Перед кабаном представлена вздыбленная лошадь с перекрученной шеей и повёрнутой назад головой. Эта лошадь с согнутыми ногами повержена страшным зверем на землю и помещена в композиции вертикально потому, что для иного размещения её не было места. Всадник успел соскочить с этой лошади и забраться на дерево; стоя на его ветке, он одной рукой с надетым на неё луком держится за другую ветку, а второй рукой тянет лошадь за повод, что и заставило её неестественно изогнуть шею. С противоположного края этой сцены изображён козёл, карабкающийся на гору и прячущийся среди деревьев. У него повёрнутая назад голова, изогнутый рог, бородка и открытый рот с высунутым языком. Козёл явно испуган и спасается от охотников. Сцена представлена очень динамично, с рядом подробностей и реалистических деталей.

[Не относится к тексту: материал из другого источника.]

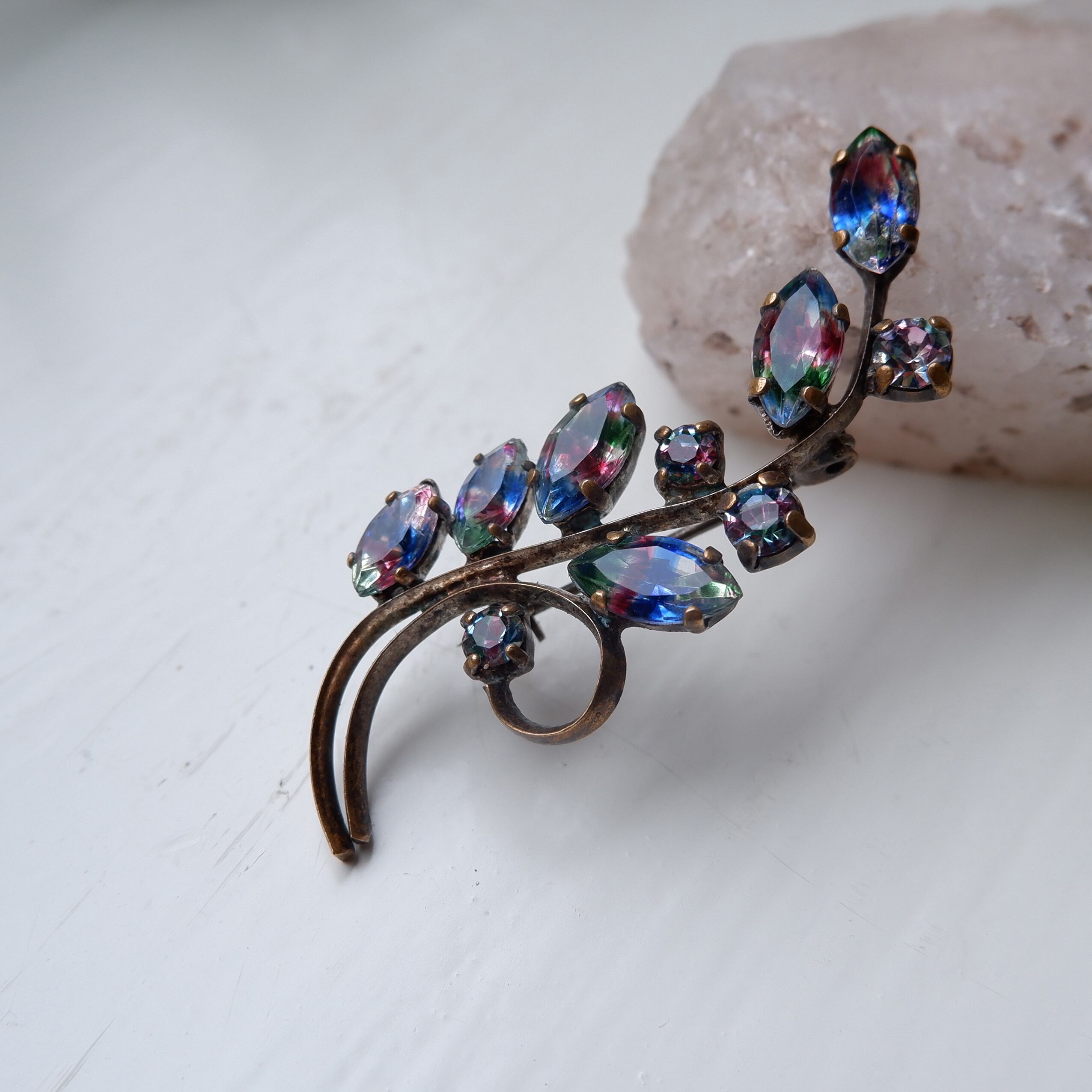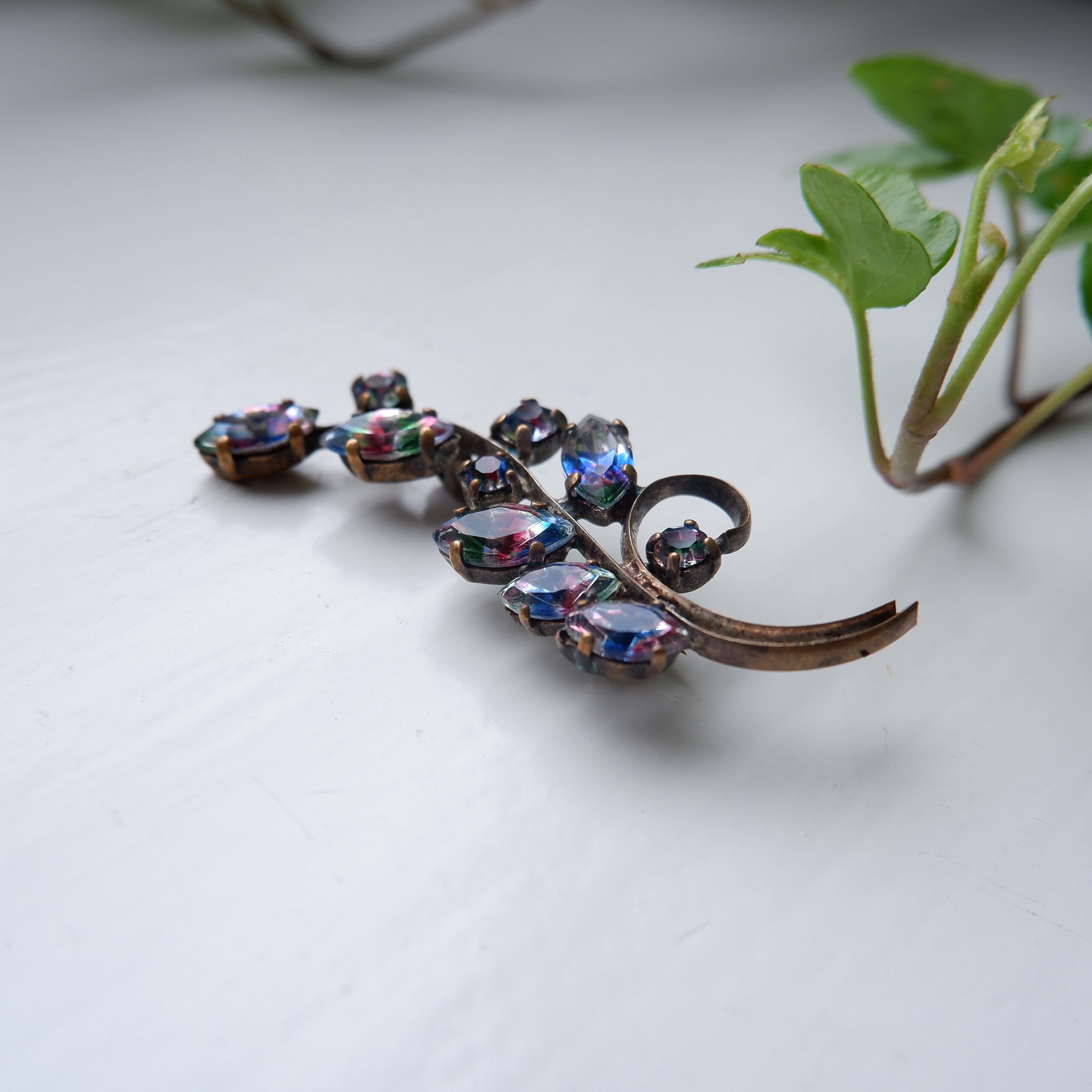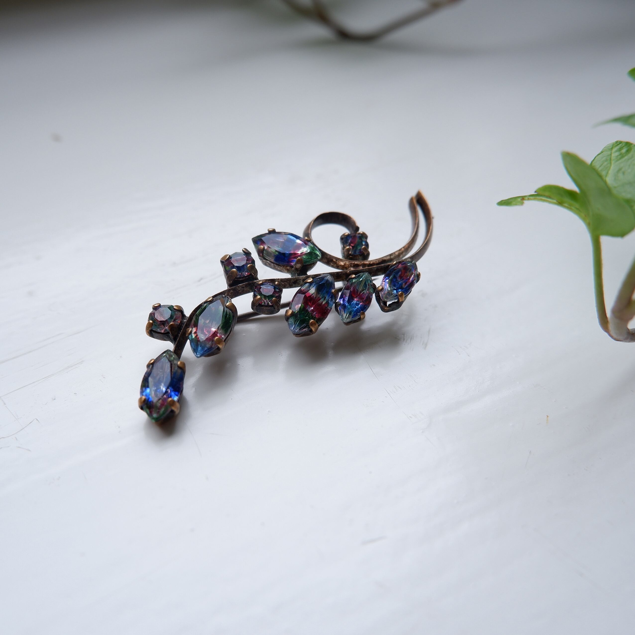 虹色に光るガラスで葉っぱと実が象られた趣きのある一品。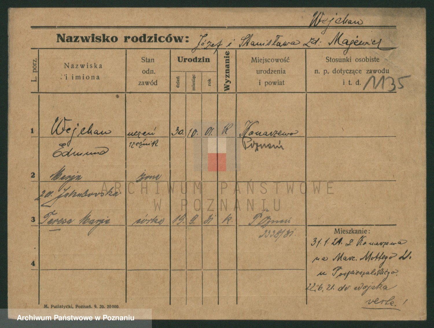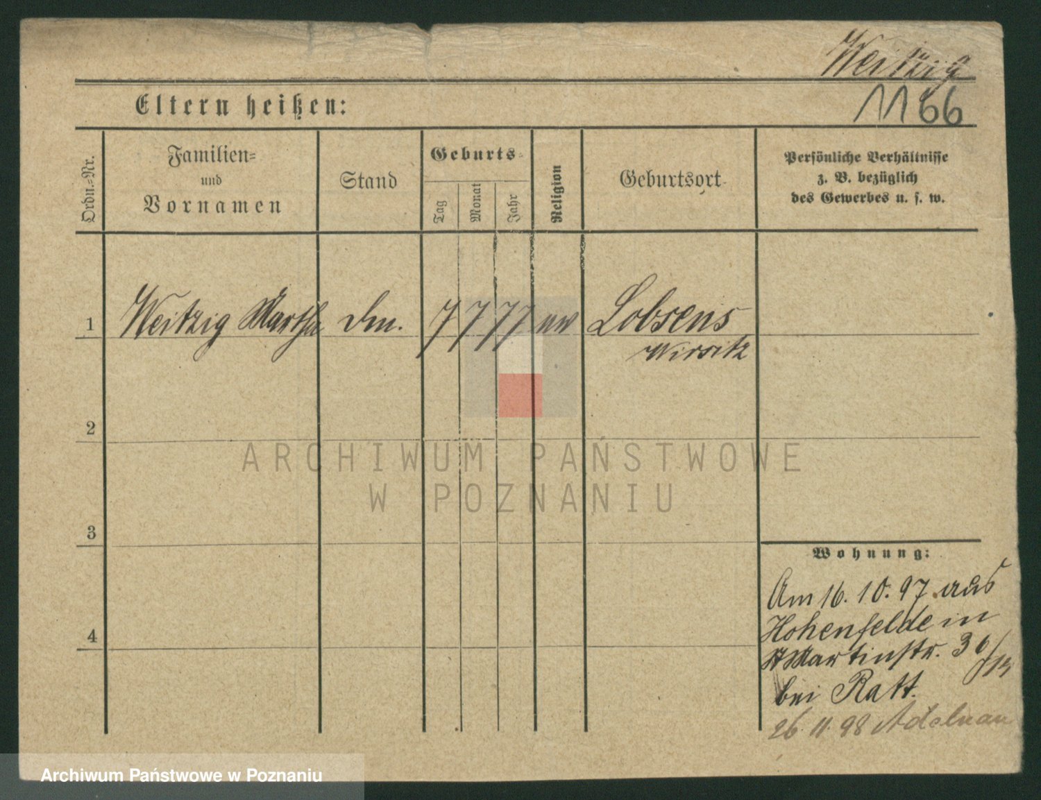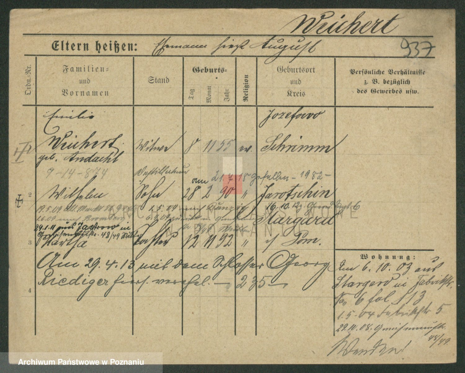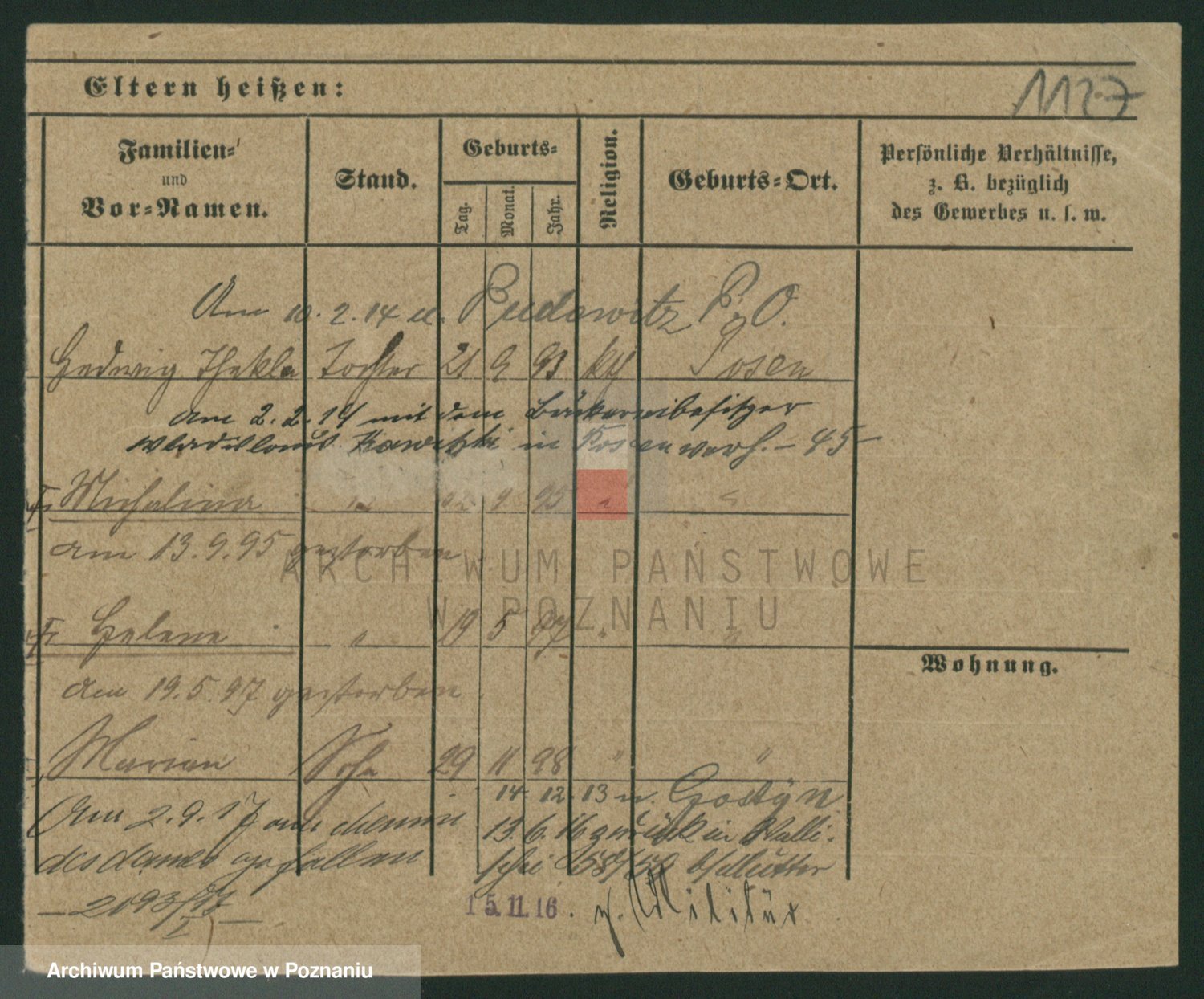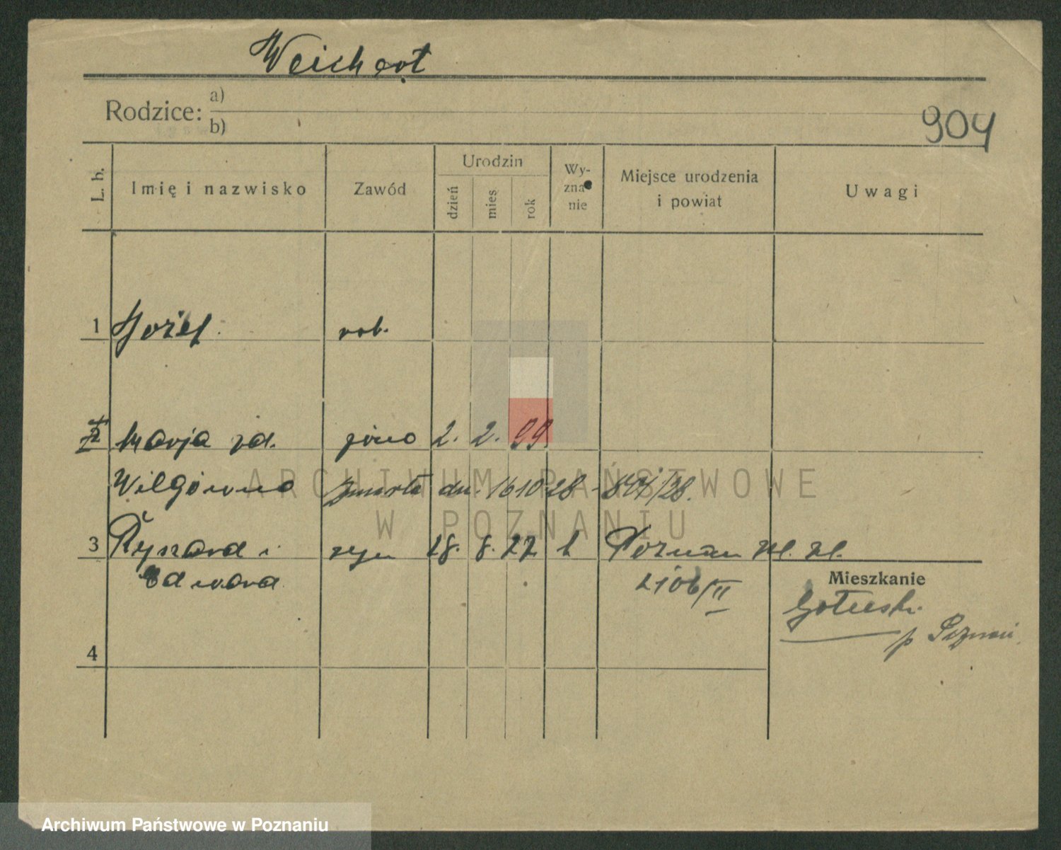 Podgląd karty osobowej dostępny jest po kliknięciu na nazwisko lub ikonkę karty. Można dokonywać powiększenia (ikony na górze) lub przechodzić między kolejnymi skanami (strzałki po bokach).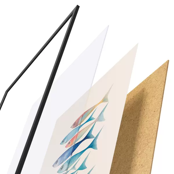 Le poster se compose d'un cadre, d'un plexiglas, d'une image imprimée et d'un support en aggloméré. Le poster peut être immédiatement accroché au mur grâce aux fixations au dos.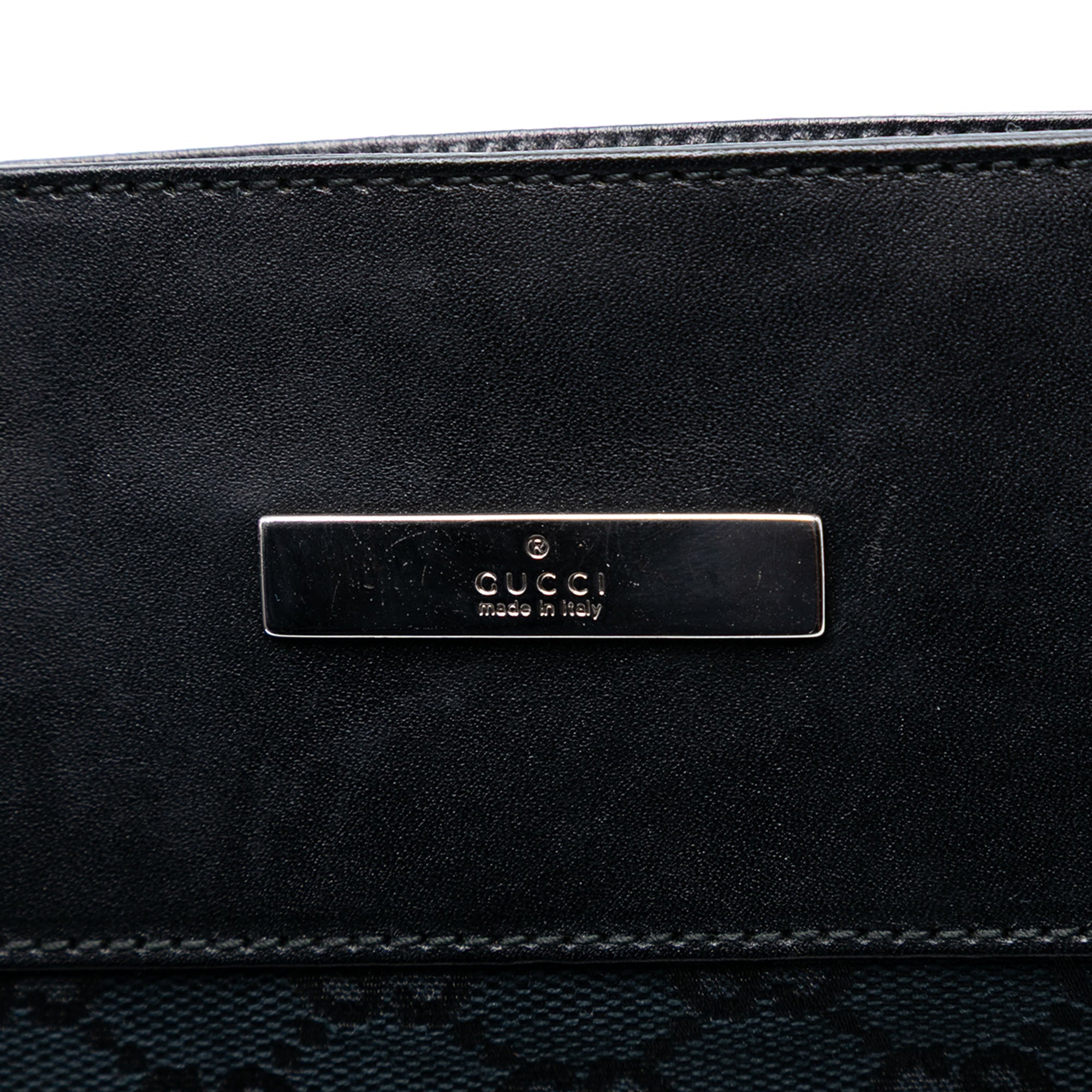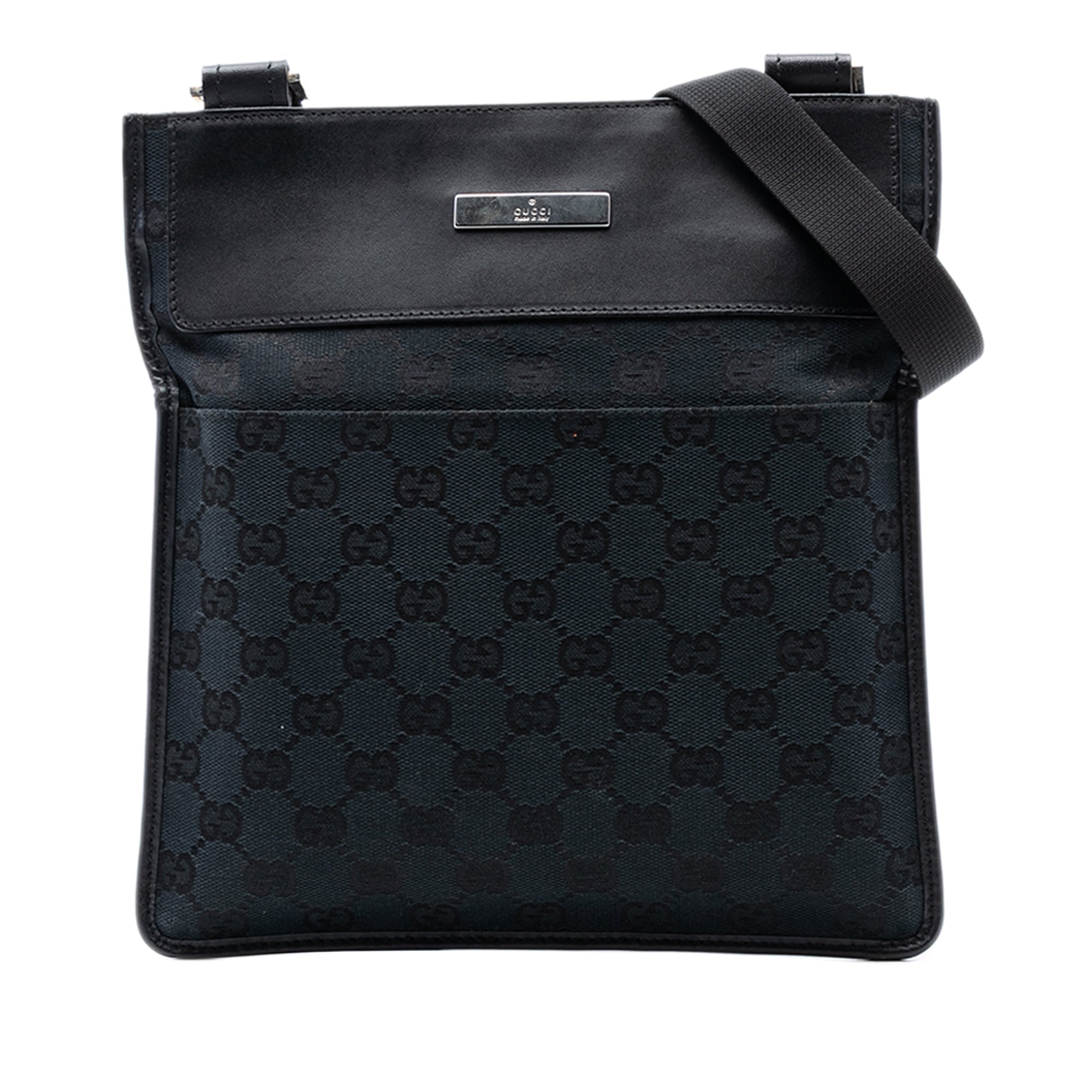 This crossbody bag features a canvas body with leather trim, an adjustable flat shoulder strap, an open top with velcro closure, exterior slip pockets, and an interior zip pocket. Retail Price: 1100.00

Правая и левая пластины этих застёжек имеют некоторые различия между собой. В соответствии с их положением персонажи композиции представлены на них с разных сторон. Так, у всадника, стреляющего из лука, на правой пластине изображена левая сторона, а на левой соответственно правая. Туловище его слева показано в три четверти спереди, а справа — со спины; его правая рука, натягивающая тетиву, в одном случае закрыта его же головой, тогда как левая, держащая лук, видна на всю длину; в другом случае закрытой головой лошади оказывается его левая рука. У человека на дереве различия ещё более значительны. На левой пластине он держится за ветку левой рукой, а правой натягивает повод, на правой пластине наоборот повод в левой руке, а в правой, уже без надетого на неё лука, ветка. Но что особенно важно, у персонажей, изображённых на разных пластинах с разных сторон, видны различные детали одежды и висящее на поясе оружие.

У охотников непокрытые головы с зачёсанными назад сравнительно короткими волосами и длинные усы без бороды. Причерноморские скифы в греческих изображениях или бородатые, или вовсе без растительности на лице, но в местной скульптуре («каменных бабах») они, как правило, безбородые, с висящими усами.

Охотники, изображённые на сибирских пластинах, одеты в куртки с широкой каймой вдоль борта и по подолу, с вырезом или сердцевидной накладкой у ворота позади. Узкие рукава схвачены у запястья манжетами. У охотников узкие штаны и мягкие сапоги (скифики) с довольно высокими голенищами.

У каждого справа к туго затянутому поясу подвешен на специальных ремнях колчан в виде длинной коробки, соединённый с находящимся позади её особым, кажется, мягким футляром для лука. По своей форме и устройству этот колчан отличается от скифского горита и приближается к колчанам сарматского времени, известным по керченским рельефам. Однако небольшой сложный лук сигмаобразной формы не отличается от обычного скифского лука.

У всадника на коне на поясе слева висит меч в ножнах, снабжённый длинной рукояткой с брусчатым навершием и прямым перекрестьем с закруглёнными концами. Характерной для ножен скифского акинака боковой лопасти для подвешивания у него нет, способ ношения его, как заметил Гинтерс, сарматский.

 

Что же касается формы меча, то, поскольку можно судить по изображению, он относится к той группе сарматских мечей, которая представляет переход от меча с брусковидным навершием и бабочкообразным перекрестьем к мечу с таким же навершием, но с прямым или дуговидным перекрестьем и датируется IV-III вв. до н.э.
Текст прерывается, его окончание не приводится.